There’s Been A Murder
Dear O’h dear and Lovely Tea Jenny,
On the way home from work, I spotted a plaque on the corner of the High Street and George IV Bridge. It explains that three brass plaques at the edge of the pavement were the site of the gallows for the last public execution in Edinburgh.
The man who met his fate there was George Bryce, the son of a coal merchant who lived in Ratho*. At a village dance George met Isabella Brown, a cook who worked in Ratho Villa and her friend Jeanie Seaton who also worked there as a nursemaid. George and Isabella started courting. He was quite smitten and proposed but she decided to call it off on account of him being a little too fond of the bevvy.

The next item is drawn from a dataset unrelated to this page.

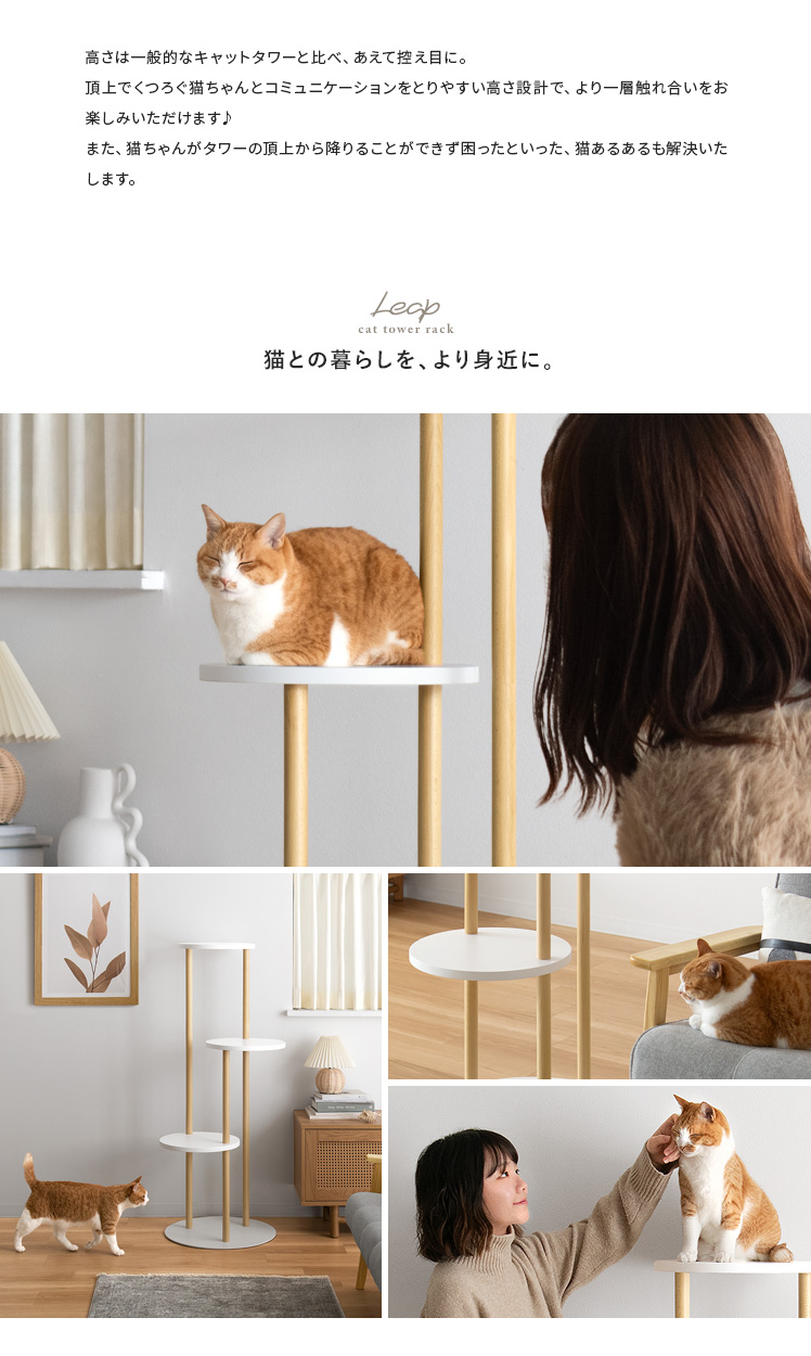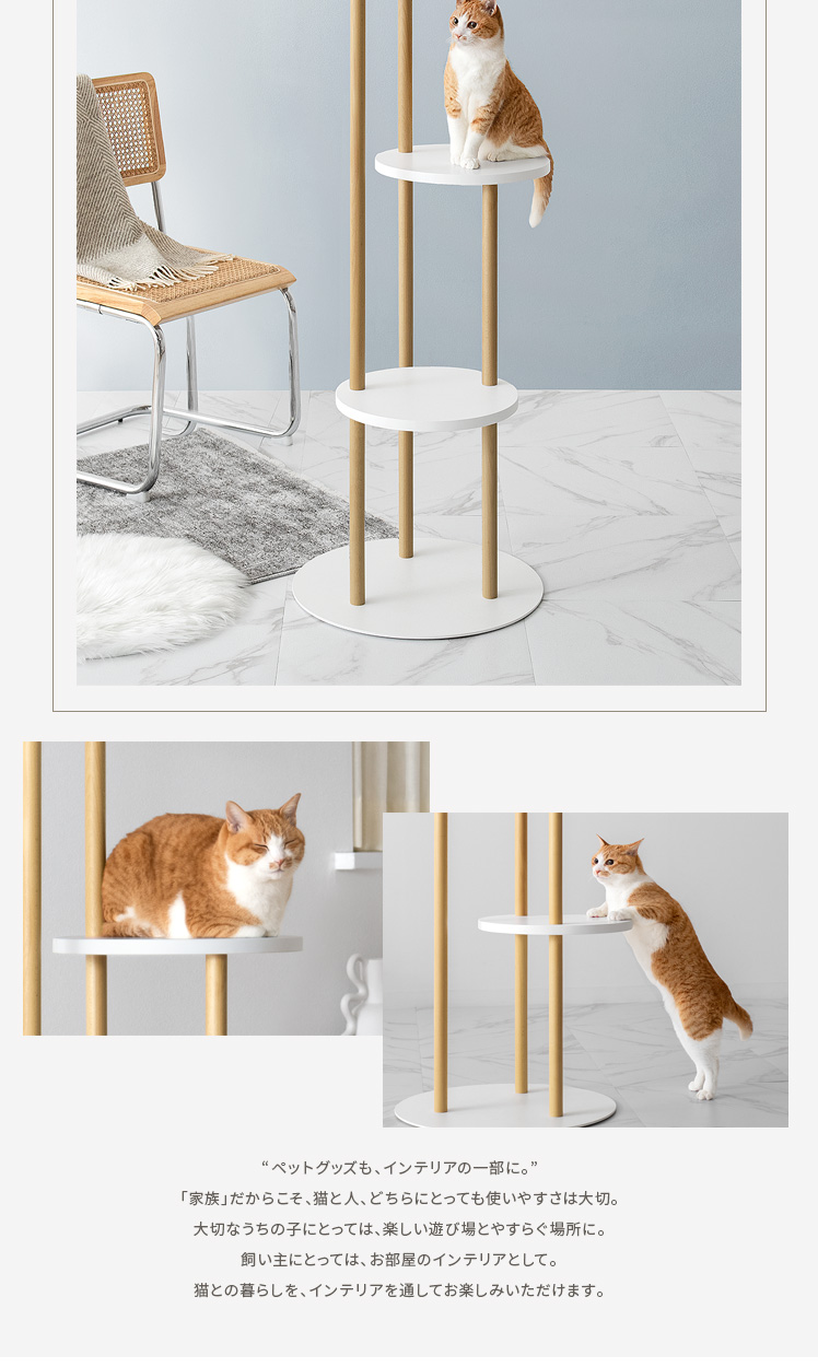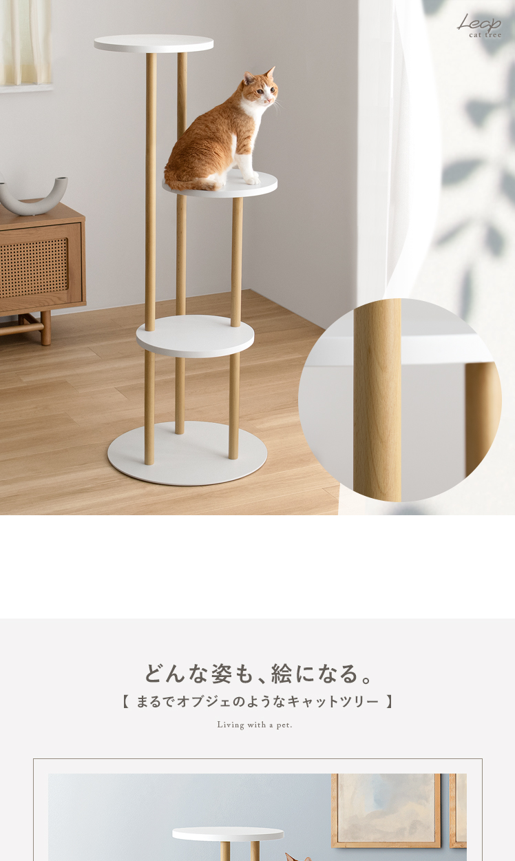 キャットツリー Leap〔リープ〕/“ペットグッズも、インテリアの一部に。”「家族」だからこそ、猫と人、どちらにとっても使いやすさは大切。大切なうちの子とっては、楽しい遊び場とやすらぐ場所に。飼い主にとっては、お部屋のインテリアとして。猫との暮らしを、インテリアを通してお楽しみいただけます。

George took great exception to being dumped. He reckoned that the real reason for the break up was because Jeanie had badmouthed him to Isabella (rather than him being a complete p!sshead).
On 16th April 1864, fuelled by booze, George arrived at Ratho Villa and started beating Jeanie. She managed to escape the house but was caught by George at the entrance to a neighbour’s byre where he murdered her by cutting her throat with a razor.
He was arrested and tholed his assize** in Edinburgh, where he was sentenced to death. He was hanged on 21st June 1864, the last person to be publically executed in Edinburgh.
So, that’s today’s rather downbeat story. Hope that brightened your day!
C
*George’s family lived in the building which is now The Bridge Inn on the Union Canal at Ratho.